Mandi is said to be a corruption of the Arabic word “nada”, which means “dew”. The name is an allusion to the tenderness of the meat.
Adapted with local ingredients
“The influence is not just limited to Yemen,” said Ammini Ramachandran, Texas-based author and food writer. “Alissa, a wheat, meat and cinnamon porridge, is similar to harisa, a recipe preserved over centuries by the people of the Middle East. Recipes for this dish are found in 10th century Baghdadi cookbooks Annals of the Caliph’s Kitchen, Sufi Cuisine as well as in the Iraqi cookbookDelights from the Garden of Eden. In medieval Baghdad, it was called ‘hareesi’. Even today, the dish is served in Turkey, [where] it goes by the name ‘herise’, while in Lebanon it’s called ‘ hreessey’.”
She added: “The cuisine was adapted with local ingredients. Take for example ‘ari pathiri’, a thin chapati made out of rice flour. Rice being the staple grain in the region, breads and rotis were alien to the local food habits. The women innovated what they had in hand and made bread with rice powder for their Arabian paramours, who were used to a bread-based diet.”
Even the Malabar biryani, one of the key stars of any iftaar table, has a distinct Arabian touch. The rice and the meat are cooked separately and then layered and cooked. “Biriyani ustads”, who specialise in making this dish, are hired to cook it for weddings, special occasions and iftaars. Other dishes, meanwhile, are rustled up by the “pandaaris”, who hold the position of executive chefs.
“The Mappilas were extremely hospitable people, and would share their food with everyone in the neighbourhood,” said Sumesh Govind, managing director of Kozhikode-based Paragon Group of Hotels. “Subsequently, Malabar biryani became a staple in Hindu Thiyya homes as well, especially in the Thalasserry area. So much so that it’s also called Thalasserry biriyani.”
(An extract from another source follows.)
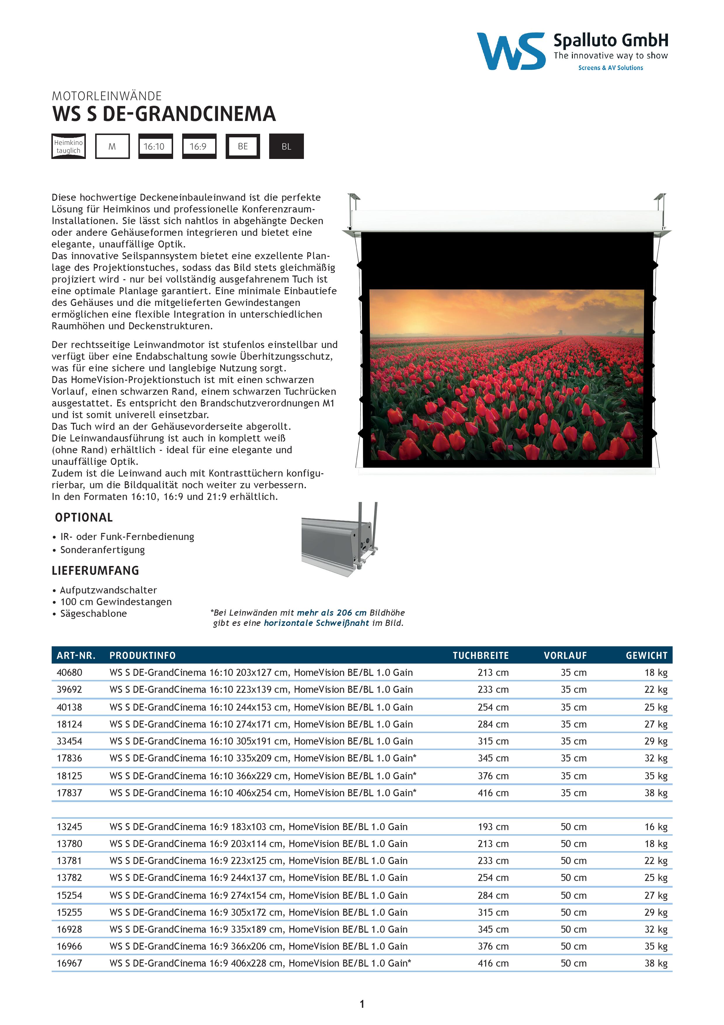 WS S DE-GrandCinema Deckeneinbauleinwand 16:9 – Premium Motorleinwand für Heimkino und Wohnzimmer

Malabar or Thalasserry biriyani is served with date pickle, raita and coconut chammanthi (chutney), again a fusion of West Asia and Kerala.
Influenced over the ages
Local produce such as mussels have also found their way onto iftaar tables. Ari kadukka, or rice-coated mussels, are among the favourites.
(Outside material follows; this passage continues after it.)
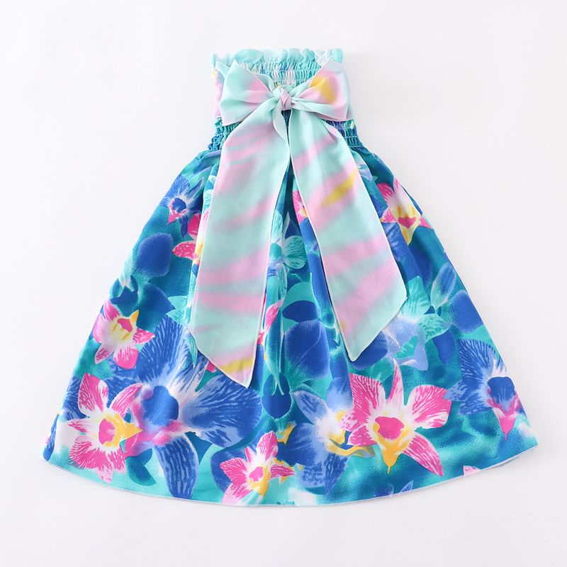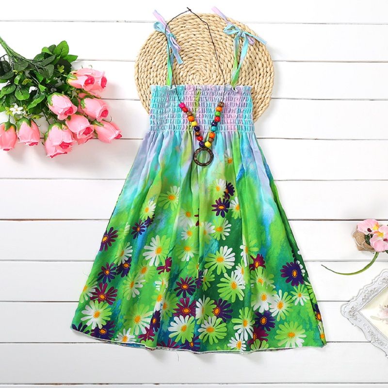 Summer Girls Floral Dress Sling Ruffles Bohemian Beach Princess Dresses for Girl Clothing 2 6 8 12 Years With Necklace Gift

Another iftaar speciality said to have roots in West Asia is the dessert – muttamala or necklace of eggs. Thin filaments of egg yolk are cooked in sweet sugar syrup served over Pinnanathappam, steam-cooked cardamom-scented egg white pudding.
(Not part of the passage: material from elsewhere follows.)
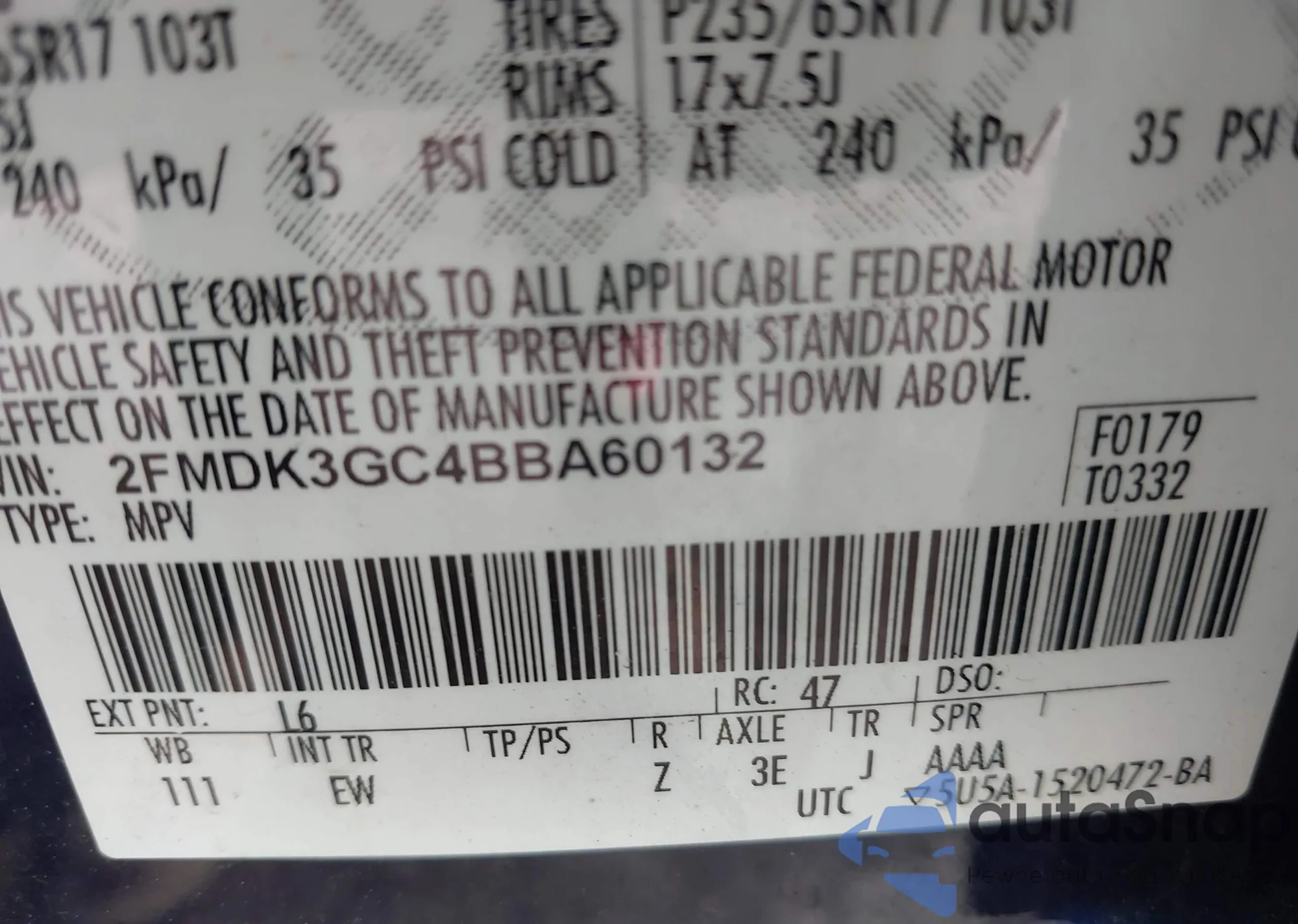 LOT: 42180574 VIN: 2FMDK3GC4BBA60132

The influence of the Arabs lingers on in this and many other Malabar Mappila dishes.
Muslims or Mappilas tended to congregate more in the Malabar region because of the patronage from the local leaders. Subsequently, Malabar Mappila culture and cuisine came to have an identity of its own.
“The area we know as Kerala today was trading with merchants from West Asia from pre- Mohammedian times,” noted Dr K Gopalankutty, retired head of the history department at the University of Calicut. “After the Roman Empire collapsed, traders from Assyria, Babylon and Egypt as well as the Phoenicians and Arabs dominated this market, some even eventually mingling and marrying into the local population.”
By the 7th century, Muslim traders visited the southern coast of Malabar and shared their culture as they sold their wares.
Well before Abu Fazl wrote about how dozens of master cooks whipped up delicacies for the imperial Mughal kitchens of Akbar in his Ain-i-Akbari, the south western coast of India was already breaking fasts with culinary delights based on recipes brought across the seas from West Asia.
Over 2,000 years after they sailed to southern India, the legacy of these peaceful traders of West Asia continues to live on in the cuisine of Malabar.